Similar to groups, you can search variables by regex:
census.search_variables(r"my regex")
And, you can limit that search to variables of a particular group or groups:
census.search_variables(r"my regex", census.groups.SexByAge)
Variables also support autocomplete for their codes, as with groups.
census.variables.EstimateTotal_B01001 # code for this variable
(These names must be suffixed with the group code, since, while variable codes are unique across groups, their names are not unique across groups.)
Once you have the variables you want to query, along with the geography you're interested in, you can now make statistics queries from your dataset:
from the_census import GeoDomain
variables = census.get_variables_for_group(census.groups.SexByAge)
census.get_stats(variables["code"].tolist(),
GeoDomain("school district", "*"),
GeoDomain("state", "08"))
Or, if you'd rather use tuples instead of GeoDomain
:
variables = census.get_variables_for_group(census.groups.SexByAge)
census.get_stats(variables["code"].tolist(),
("school district", "*"),
("state", "08"))
Jupyter notebook/lab has been having an issue with autocomplete lately (see this GitHub issue), so running the following in your environment should help you take advantage of the autocomplete offerings of this package:
pip install jedi==0.17.2
US Census datasets have 3 primary components:
A group is a "category" of data gathered for a particular census. For example, the SEX BY AGE
group would provide breakdowns of gender and age demographics in a given region in the United States.
Some of these groups' names, however, are a not as clear as SEX BY AGE
. In that case, I recommend heading over to the survey in question's technical documentation which elaborates on what certain terms mean with respect to particular groups. Unfortunately, the above link might be complicated to navigate, but if you're looking for ACS group documentation, here's a handy link.

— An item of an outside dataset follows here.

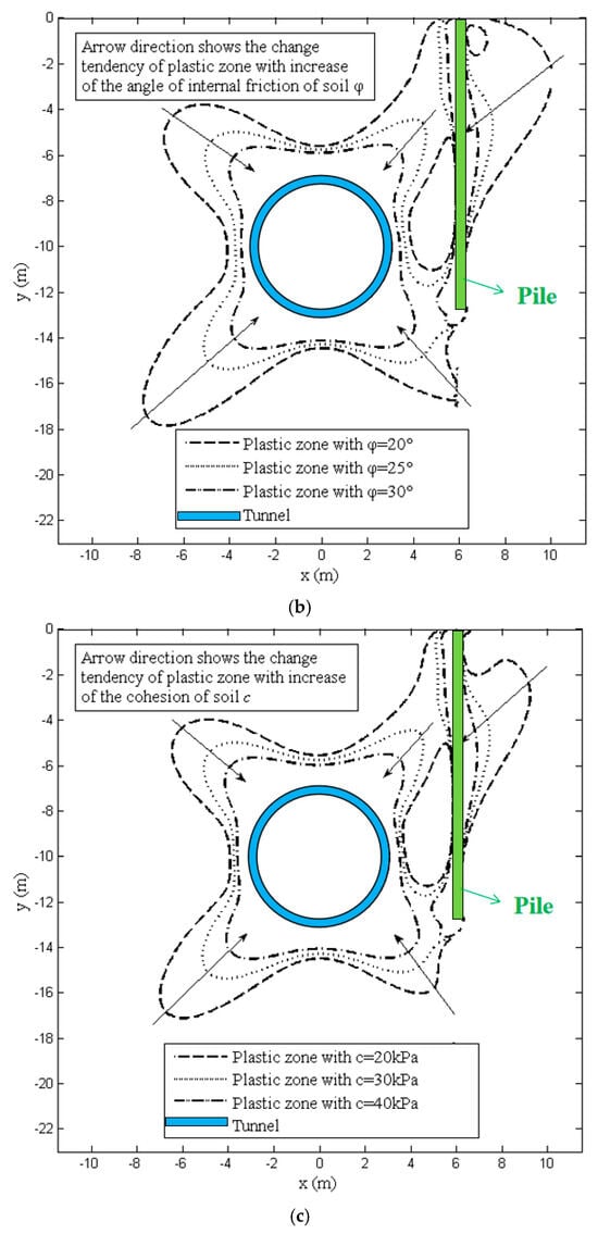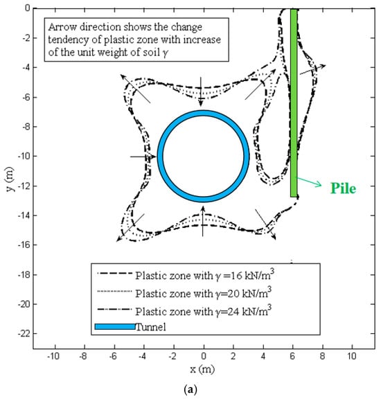 The impact of three distinct soil unit weight magnitudes (γ = 16 kN/m3, 20 kN/m3, and 24 kN/m3) on the outlines of the possible plastic regions is shown in Figure 6a. The plastic region’s tendency to alter as soil unit weight increases is indicated by the arrow direction. The findings show that when the soil unit weight grew, the potential plastic region’s limits somewhat shifted. The potential plastic region’s four corners stretch outward, while its midpoints on each side contract inward, indicating that as the soil unit weight increases, the prospective plastic region’s shape will progressively take on the form of a butterfly. Additionally, when the tunneling-induced potential plastic region expands, the two potential plastic regions near the tunnel and the pile merge.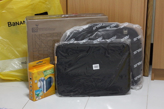 อุปกรณ์ที่จะได้รับ : เครื่อง, อแดปเตอร์ ,เม้าส์ Asus ,คู่มือ ,กล่อง ,กระเป๋า ,ซอร์ฟเคส

(You can also get these links by running Census.help()
.)
Variables measure a particular data-point. While they have their own codes, you might find variables which share the same name (e.g., Estimate!!:Total:
). This is because each variable belongs to a group. So, the Estimate!!:Total
variable for SEX BY AGE
group is the total of all queried individuals in that group; but the Estimate!!:Total
variable for POVERTY STATUS IN THE PAST 12 MONTHS BY AGE
group is the total of queried individuals for that group. (It's important when calculating percentages that you work within the same group. So if I want the percent of men in the US, whose total number I got from SEX BY AGE
I should use the Estimate!!:Total:
of that group as my denominator, and not the Estimate!!:Total:
of the POVERTY STATUS
group).
Variables on their own, however, do nothing. They mean something only when you query a particular geography for them.
Supported geographies dictate the kinds of queries you can make for a given census. For example, in the ACS-1, I might be interested in looking at stats across all school districts. The survey's supported geographies will tell me if I can actually do that; or, if I need to refine my query to look at school districts in a given state or smaller region.